→ **Goal of the exercise**
Please print the entries exactly, omitting each image.

→ **Stored data**
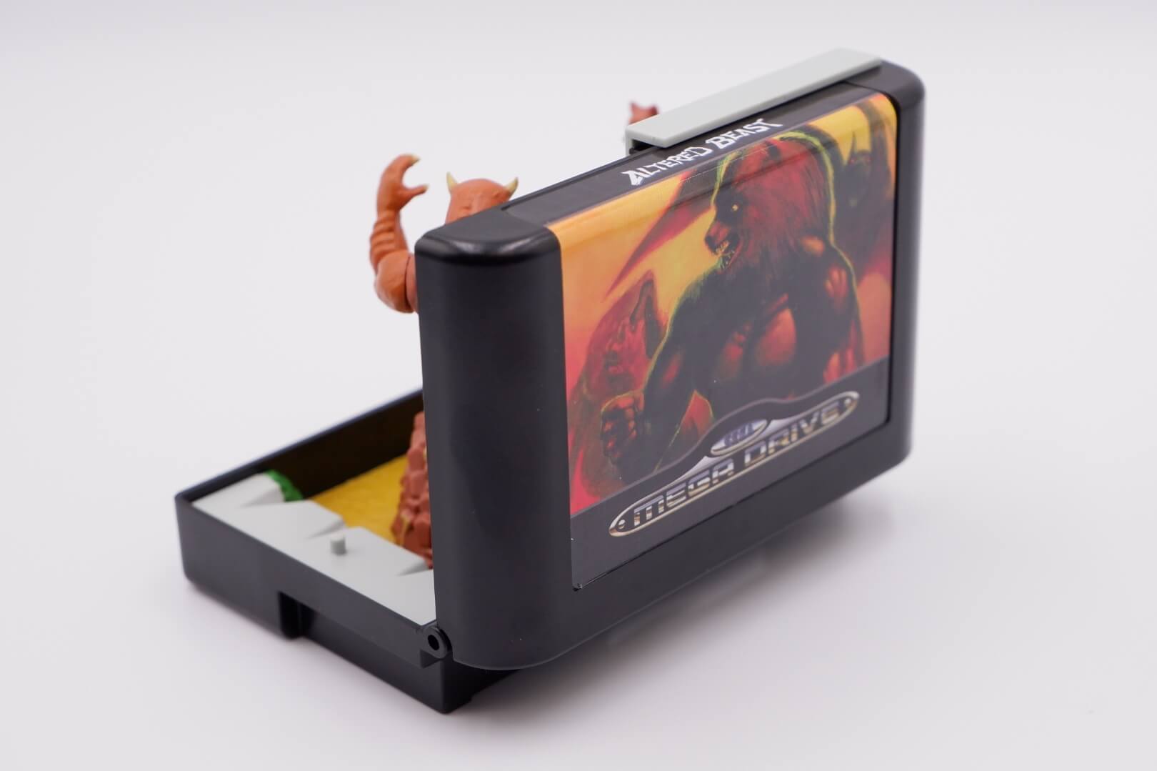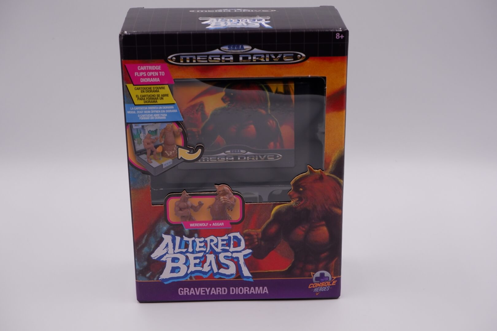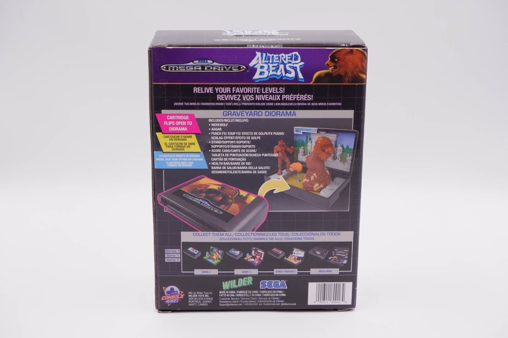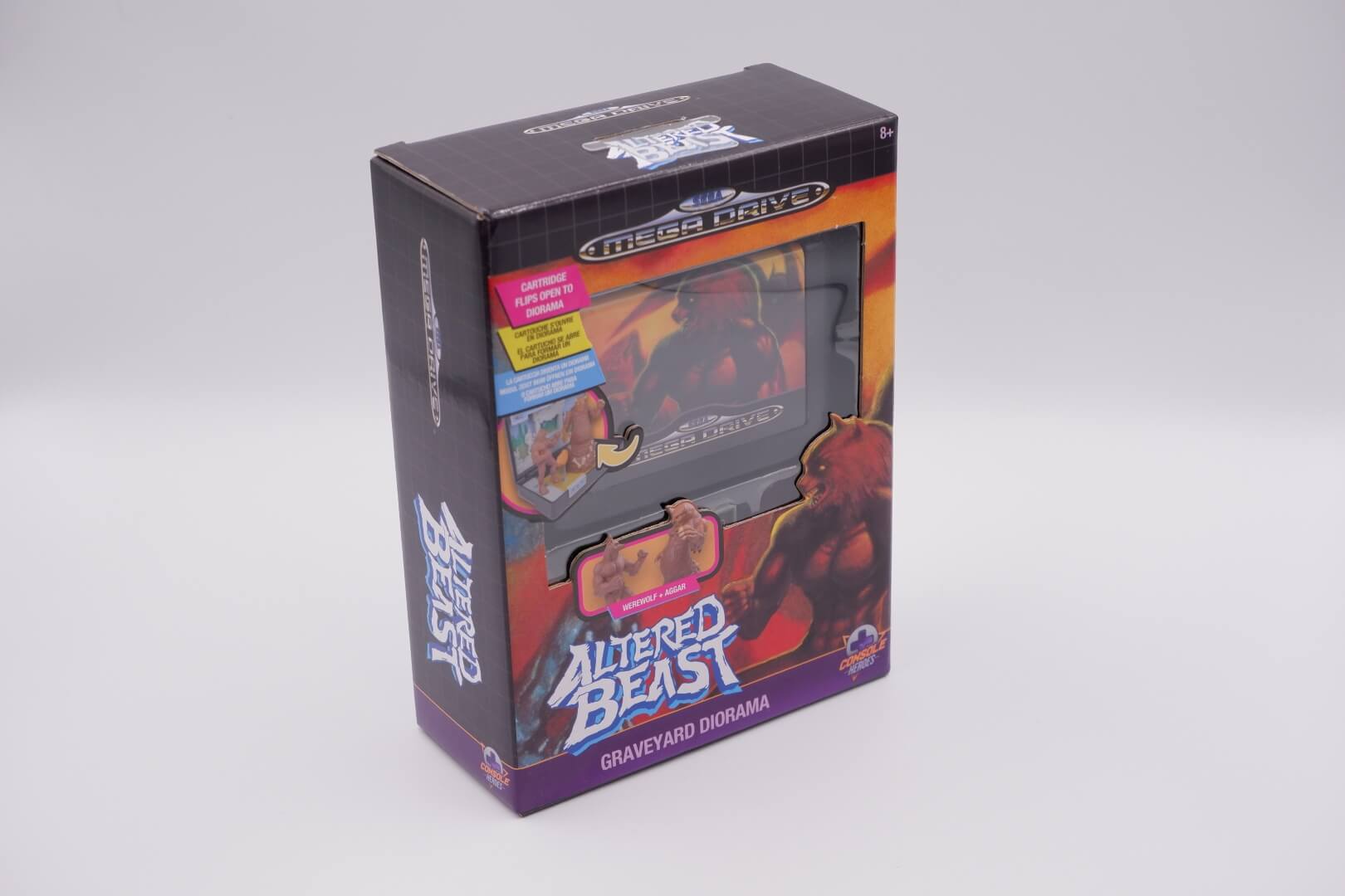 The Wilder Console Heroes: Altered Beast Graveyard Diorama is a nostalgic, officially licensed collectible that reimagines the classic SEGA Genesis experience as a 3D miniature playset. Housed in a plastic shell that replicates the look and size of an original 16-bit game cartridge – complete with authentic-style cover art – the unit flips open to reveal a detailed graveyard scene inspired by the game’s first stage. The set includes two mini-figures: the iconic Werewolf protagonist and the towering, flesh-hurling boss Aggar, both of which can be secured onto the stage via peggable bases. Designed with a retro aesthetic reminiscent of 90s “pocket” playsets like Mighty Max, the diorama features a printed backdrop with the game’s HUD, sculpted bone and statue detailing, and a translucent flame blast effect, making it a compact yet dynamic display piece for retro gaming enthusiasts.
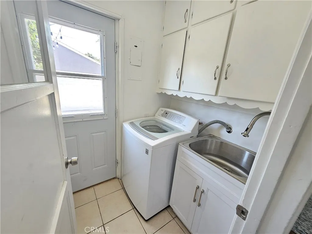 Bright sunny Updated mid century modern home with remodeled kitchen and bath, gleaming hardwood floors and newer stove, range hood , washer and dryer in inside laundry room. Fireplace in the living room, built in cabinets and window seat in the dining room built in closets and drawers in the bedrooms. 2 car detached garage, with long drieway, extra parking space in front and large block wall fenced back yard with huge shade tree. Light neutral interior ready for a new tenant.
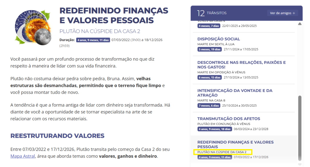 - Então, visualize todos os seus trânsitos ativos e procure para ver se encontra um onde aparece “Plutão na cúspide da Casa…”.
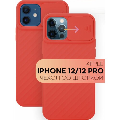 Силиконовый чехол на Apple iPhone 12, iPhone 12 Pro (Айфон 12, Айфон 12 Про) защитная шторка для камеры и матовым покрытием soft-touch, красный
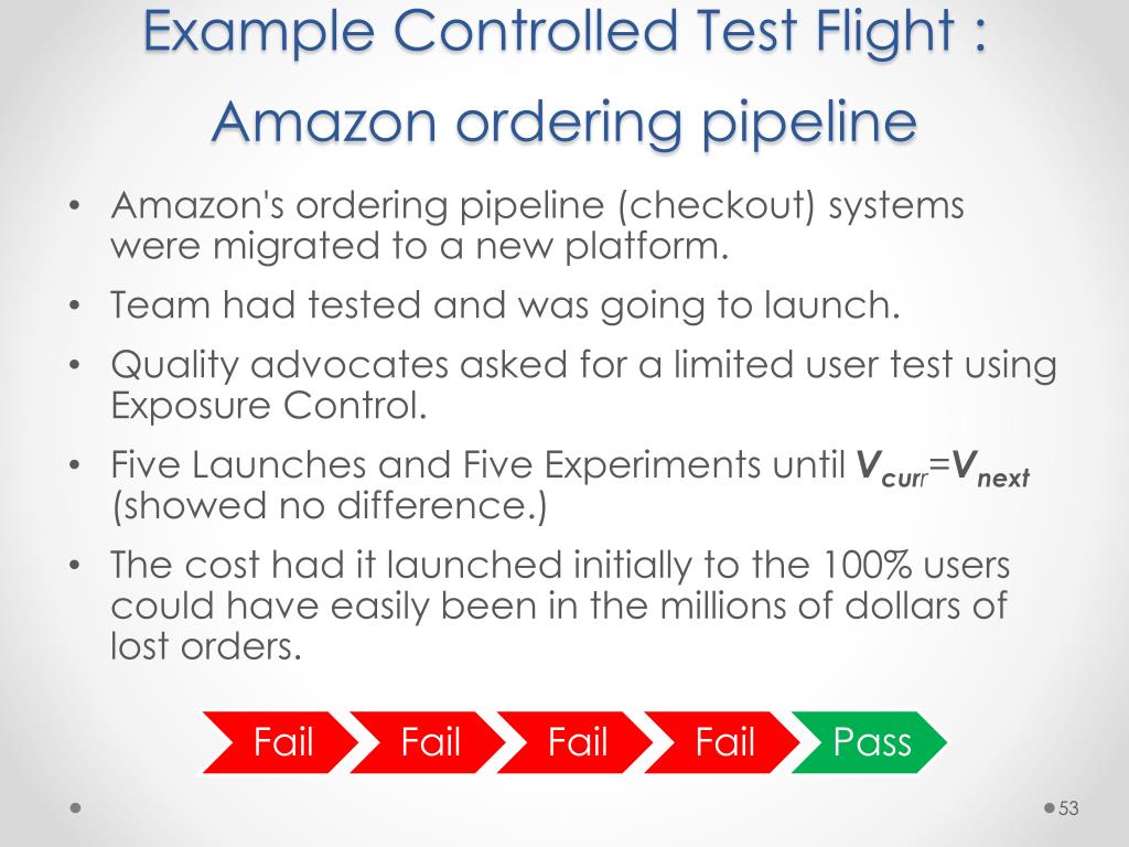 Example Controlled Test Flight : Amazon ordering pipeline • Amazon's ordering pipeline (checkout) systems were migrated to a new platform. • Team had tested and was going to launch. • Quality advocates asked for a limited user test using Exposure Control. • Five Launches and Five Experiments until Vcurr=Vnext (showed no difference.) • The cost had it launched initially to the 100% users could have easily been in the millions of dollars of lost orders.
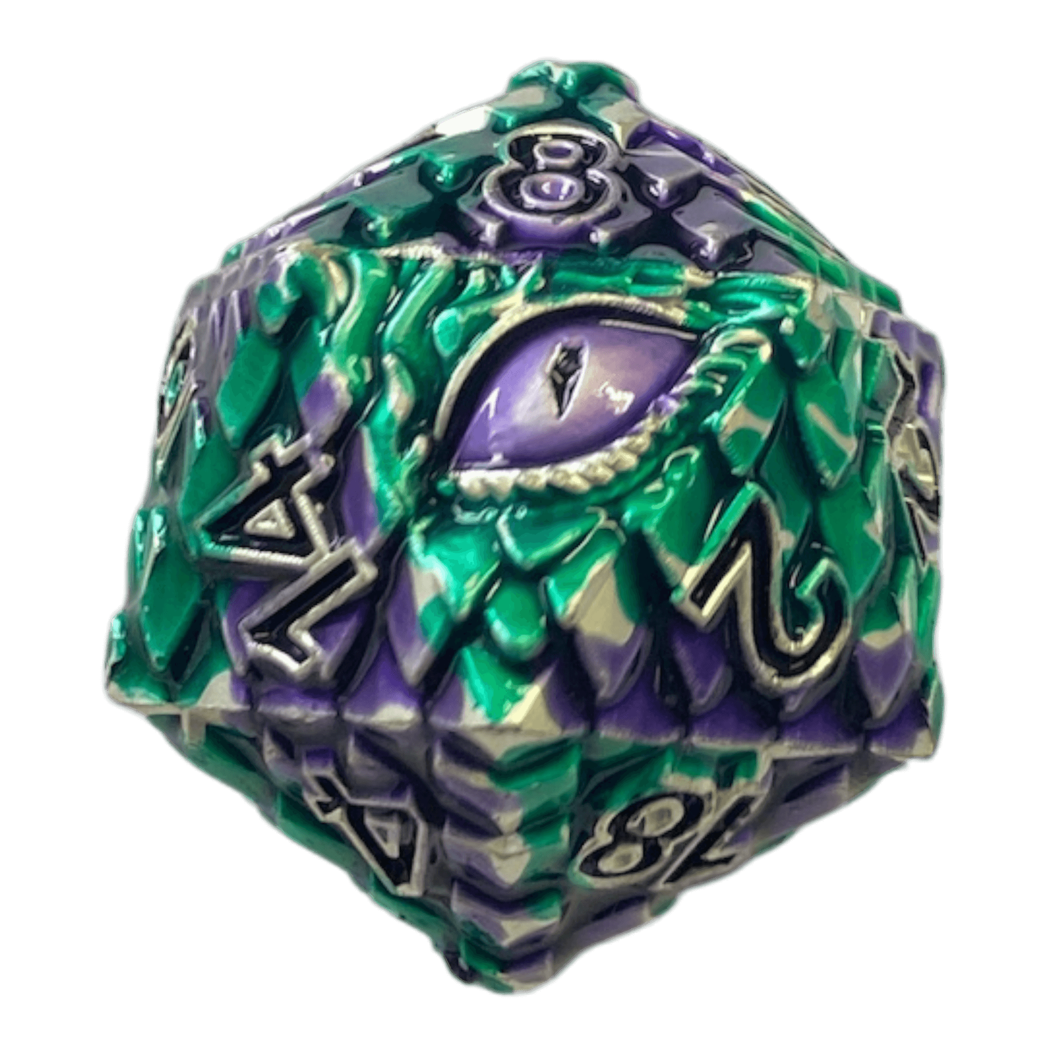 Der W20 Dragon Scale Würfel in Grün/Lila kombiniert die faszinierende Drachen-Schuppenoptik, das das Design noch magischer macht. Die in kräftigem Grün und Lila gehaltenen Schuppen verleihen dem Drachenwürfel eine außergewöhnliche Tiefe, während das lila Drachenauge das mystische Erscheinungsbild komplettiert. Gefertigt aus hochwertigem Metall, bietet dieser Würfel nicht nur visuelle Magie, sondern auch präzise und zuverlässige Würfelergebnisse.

→ **Solution to this exercise**
 The Wilder Console Heroes: Altered Beast Graveyard Diorama is a nostalgic, officially licensed collectible that reimagines the classic SEGA Genesis experience as a 3D miniature playset. Housed in a plastic shell that replicates the look and size of an original 16-bit game cartridge – complete with authentic-style cover art – the unit flips open to reveal a detailed graveyard scene inspired by the game’s first stage. The set includes two mini-figures: the iconic Werewolf protagonist and the towering, flesh-hurling boss Aggar, both of which can be secured onto the stage via peggable bases. Designed with a retro aesthetic reminiscent of 90s “pocket” playsets like Mighty Max, the diorama features a printed backdrop with the game’s HUD, sculpted bone and statue detailing, and a translucent flame blast effect, making it a compact yet dynamic display piece for retro gaming enthusiasts.
 Bright sunny Updated mid century modern home with remodeled kitchen and bath, gleaming hardwood floors and newer stove, range hood , washer and dryer in inside laundry room. Fireplace in the living room, built in cabinets and window seat in the dining room built in closets and drawers in the bedrooms. 2 car detached garage, with long drieway, extra parking space in front and large block wall fenced back yard with huge shade tree. Light neutral interior ready for a new tenant.
 - Então, visualize todos os seus trânsitos ativos e procure para ver se encontra um onde aparece “Plutão na cúspide da Casa…”.
 Силиконовый чехол на Apple iPhone 12, iPhone 12 Pro (Айфон 12, Айфон 12 Про) защитная шторка для камеры и матовым покрытием soft-touch, красный
 Example Controlled Test Flight : Amazon ordering pipeline • Amazon's ordering pipeline (checkout) systems were migrated to a new platform. • Team had tested and was going to launch. • Quality advocates asked for a limited user test using Exposure Control. • Five Launches and Five Experiments until Vcurr=Vnext (showed no difference.) • The cost had it launched initially to the 100% users could have easily been in the millions of dollars of lost orders.
 Der W20 Dragon Scale Würfel in Grün/Lila kombiniert die faszinierende Drachen-Schuppenoptik, das das Design noch magischer macht. Die in kräftigem Grün und Lila gehaltenen Schuppen verleihen dem Drachenwürfel eine außergewöhnliche Tiefe, während das lila Drachenauge das mystische Erscheinungsbild komplettiert. Gefertigt aus hochwertigem Metall, bietet dieser Würfel nicht nur visuelle Magie, sondern auch präzise und zuverlässige Würfelergebnisse.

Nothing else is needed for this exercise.